A Better Way to ID Extreme Weather Events in Climate Models

Berkeley Lab scientists help automate the search for hurricanes and other storms in huge datasets

December 7, 2011

Category 1 through 5 hurricanes and cyclones detected in the CAM5 simulation

You’d think that spotting a category 5 hurricane would never be difficult. But when the hurricane is in a global climate model that spans several decades, it becomes a fleeting wisp among mountains of data.

That’s a problem. As scientists develop ever-more sophisticated computer models to predict the effects of climate change, one of the things they’ll look for are changes in the frequency of extreme weather events such as hurricanes and heavy precipitation. The more data generated by models, however, the more difficult it is to quantify these rare but potent events.

What’s needed is an automated way to quickly comb through a climate simulation’s huge dataset and tally the weather events that spell big trouble. A team of researchers that includes scientists from Lawrence Berkeley National Laboratory (Berkeley Lab) are developing techniques to do just that.

“We’re using state-of-the-art methods in data mining and high-performance computing to locate and quantify extreme weather phenomena in the very large datasets generated by today’s climate models,” says Prabhat, a scientific visualization expert in Berkeley Lab’s Computational Research Division. “We want to help answer the question: How will climate change impact the frequency of extreme weather?”

The research is led by fellow Berkeley Lab scientists Wes Bethel, Bill Collins, and Michael Wehner, and includes scientists from Oak Ridge National Laboratory, Los Alamos National Laboratory, Lawrence Livermore National Laboratory, and the University of California at Berkeley. Prabhat is presenting examples of their work Thursday morning (Dec. 8) at the annual meeting of the American Geophysical Union in San Francisco.

In one example, the scientists began with a recent run of the Community Atmospheric Model (CAM5), which is the latest in a series of global atmosphere models developed primarily at the National Center for Atmospheric Research. The high-resolution simulation spanned from 1979 to 2005 and is being used to demonstrate how well the model reproduces observed tropical cyclones.
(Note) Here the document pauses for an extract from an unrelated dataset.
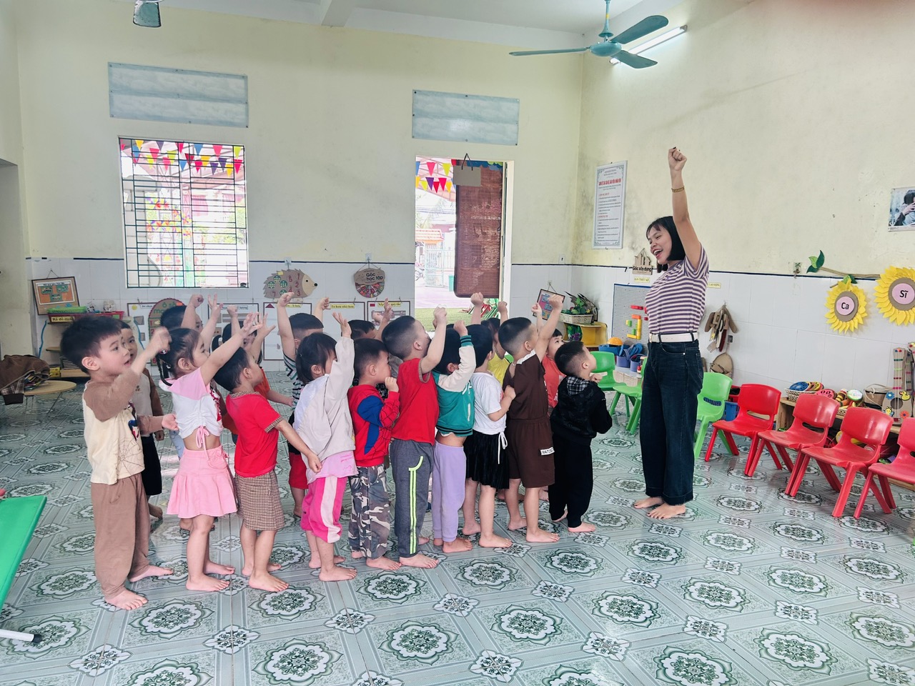 Hoạt động thể dục sáng là một phần quan trọng trong sinh hoạt hằng ngày của trẻ mầm non. Những động tác vận động đơn giản, vui nhộn theo nhạc giúp các bé khởi động cơ thể, rèn luyện sức khỏe và tạo tinh thần vui tươi để bắt đầu một ngày học tập đầy hứng khởi. Thông qua hoạt động này, trẻ được phát triển thể chất, tăng cường sự nhanh nhẹn và hình thành thói quen rèn luyện sức khỏe mỗi ngày. Những nụ cười rạng rỡ của các con trong giờ thể dục sáng đã mang lại một khởi đầu thật năng động và tràn đầy năng lượng. 🌱

It was conducted on Hopper, a Cray XE6 supercomputer at the National Energy Research Scientific Computing Center (NERSC), which is located at Berkeley Lab.
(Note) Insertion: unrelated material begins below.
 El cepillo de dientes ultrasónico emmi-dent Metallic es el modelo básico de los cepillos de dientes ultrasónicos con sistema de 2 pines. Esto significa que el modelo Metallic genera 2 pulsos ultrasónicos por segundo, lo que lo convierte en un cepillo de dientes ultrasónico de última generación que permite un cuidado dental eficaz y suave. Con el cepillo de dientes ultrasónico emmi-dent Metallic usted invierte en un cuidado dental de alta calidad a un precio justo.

Some typical atmospheric river events detected by the new method from the observational dataset. Shown is the total column integrated precipitable water in millimeters. Note that data irregularities in the satellite measurements (such as the abrupt discontinuities in the 2007-12-04 event) do not have an adverse effect on the detection procedure.
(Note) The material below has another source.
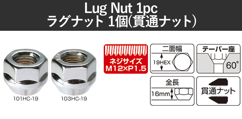 KYO-EI ホイールナット 101HC-19 ラグナット M12×P1.5 クロームメッキ 1個入り 19HEX 16mm 貫通ナット ホイール ドレスアップ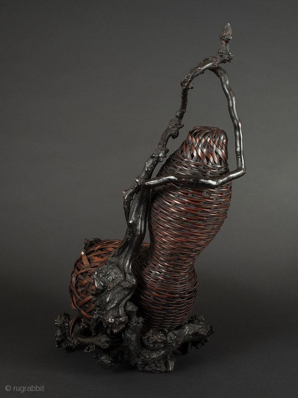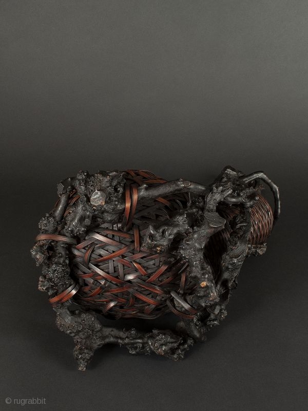 Japanese bamboo and wisteria branch gourd-shaped basket, beautifully woven, with open container for holding floral arrangement at largest node. wisteria branch base.

The 27-year simulation generated 100 terabytes of data. In comparison, as of September 2011, the Library of Congress has collected about 254 terabytes of data.

To detect the hurricanes and cyclones in this simulation, the scientists used code from a model that tracks the intensity of hurricanes and cyclones and adapted it to run in parallel on large datasets. In this case, the technique churned through the CAM5 simulation in two hours using 7000 cores at NERSC. It successfully quantified the hurricanes that appear in the simulation. The same process would have taken 583 days on a conventional desktop computer.

In another example, the scientists developed a pattern-detection algorithm that sifts through large datasets for a weather phenomenon called an atmospheric river. These are narrow corridors of water vapor that occur at mid-latitudes around the world. People who live on the Pacific coast of North America may know the phenomenon as a pineapple express, which channels moisture from the Hawaiian Islands to the west coast. These powerful storms can bring torrential rain, floods, and damaging wind.

The scientists used techniques from image processing and topological analysis to extract the telltale features of atmospheric rivers from satellite images and climate models. They then implemented these techniques in a massively parallel fashion on a supercomputer platform to automatically detect these events in large datasets.

They applied this software to satellite images from 2002 to 2010 and atmospheric modeling data from 1979 to 1993, representing 640 gigabytes of data in all. The software processed this data in about three seconds using 8500 cores on the NERSC Hopper system and detected 92 percent of the atmospheric rivers that made landfall. The same process would have taken several hours on a conventional desktop computer.

About Computing Sciences at Berkeley Lab

High performance computing plays a critical role in scientific discovery. Researchers increasingly rely on advances in computer science, mathematics, computational science, data science, and large-scale computing and networking to increase our understanding of ourselves, our planet, and our universe. Berkeley Lab’s Computing Sciences Area researches, develops, and deploys new foundations, tools, and technologies to meet these needs and to advance research across a broad range of scientific disciplines.